Thanks for the comment. However, we respectfully disagree with the assertion that the technical novelty of our proposed approach is limited. We kindly note that this is the first work using *sparse ensemble* to achieve high certified robustness, and we empirically found that prediction consistency over Gaussian augmentation, model gradient diversity, and large confidence margin are the key components for pruning a diverse yet sparse ensemble.
> Please **clearly state what variant of HYDRA's loss the authors compare to**.
Thanks for the suggestion. In this work, our focus is to provide tighter and faster certification and inference under randomized smoothing. We are comparing with `randomized smoothing (vra-s)` in HYDRA. We will revise our paper accordingly for better clarity.

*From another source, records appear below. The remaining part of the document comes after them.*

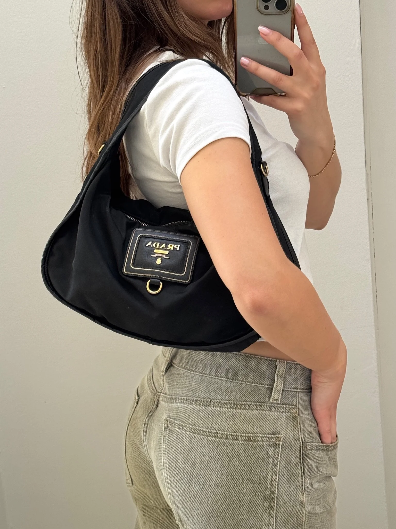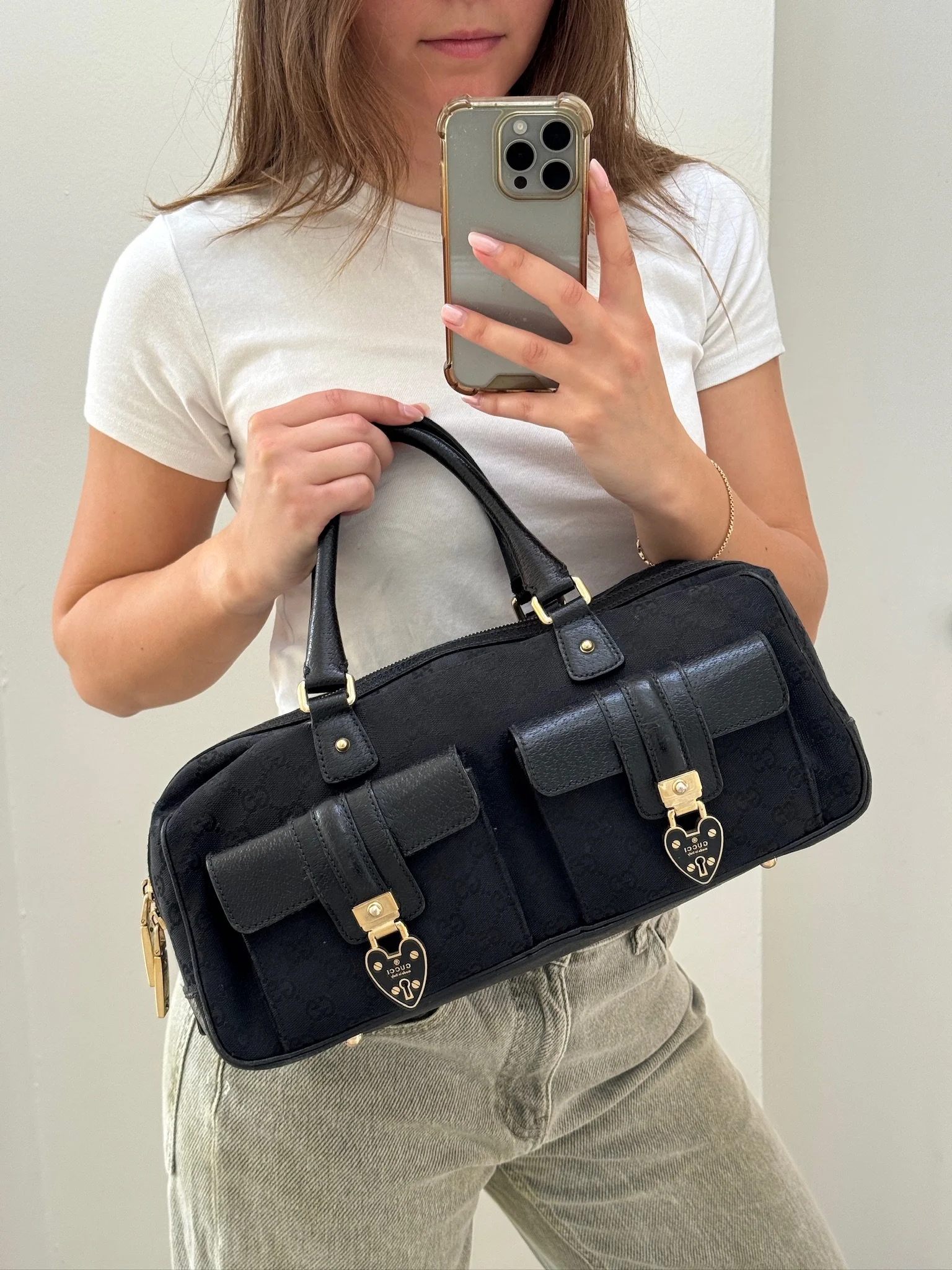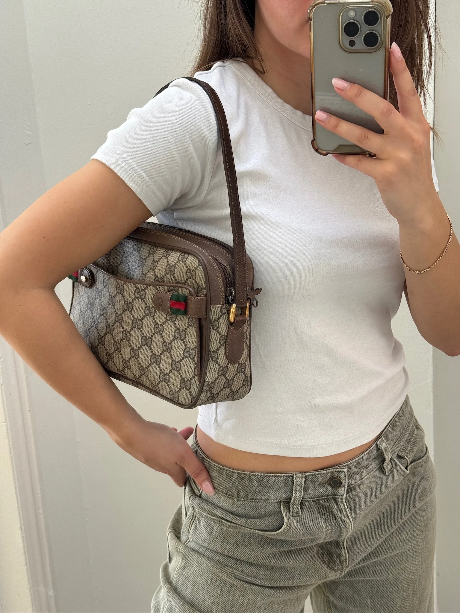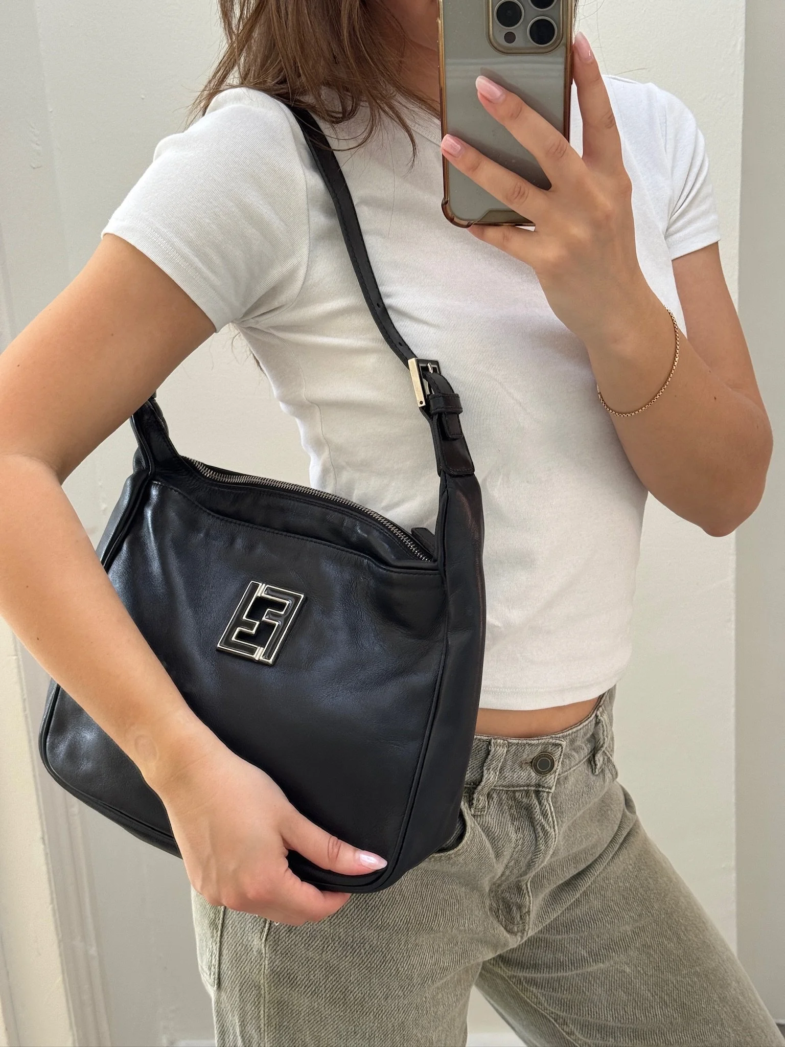 Strap: Leather-woven chain strap (can be worn long or doubled)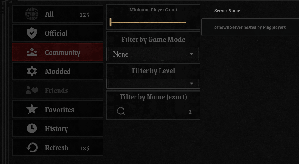 - I can’t find my server even after refreshing and it’s shown on PingQuery: Try changing the server type back to All and then back to Community; hit Refresh again. If it still doesn’t show, make sure the name is exactly the same by copying and pasting it from PingQuery.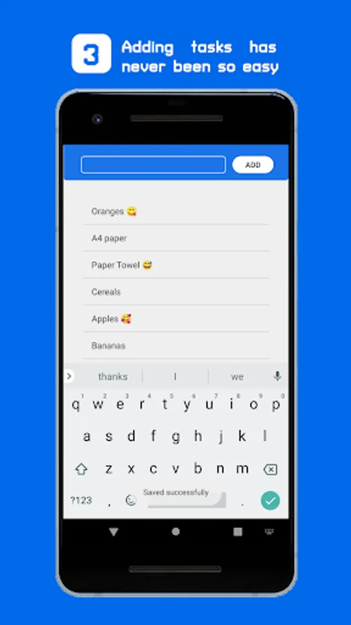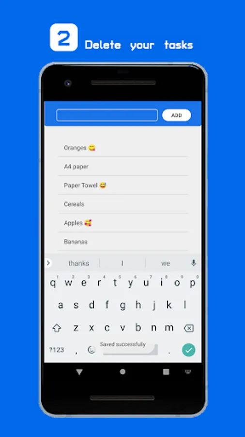 Ideal for making a shopping list! With just one touch it is possible to delete a written topic, and with another touch it is possible to add a new topic.

> Please **better explain what the "Consistency" baseline is all about.**
Thanks for the clarification question. In all experiments involving consistency regularization, we follow the standard *pre-training + pruning + finetuning* pipeline for model pruning while using consistency regularizer as the certifiably robust training / pruning objective. On ImageNet, we mainly compare with consistency regularization since it is the state-of-the-art robust training regularizer for the certified robustness of *dense* models under randomized smoothing on ImageNet. Moreover, HYDRA did not provide any evaluation on ImageNet and even failed to provide non-trivial certified accuracy.
> I think the authors should **elaborate on the runtime improvements over dense ensembles more strongly.**
Thanks for the suggestion. We performed additional runtime evaluations following the same procedures in Section IV-C with different *model architectures, datasets, and sparsity level*, shown in the table below, to elaborate on the runtime improvements over dense ensembles more strongly. Overall, both HYDRA and Credit achieves significant speed up in inference & certification compared with their dense counterparts. We will revise our paper accordingly to put stronger emphasis on the runtime improvements over dense ensembles.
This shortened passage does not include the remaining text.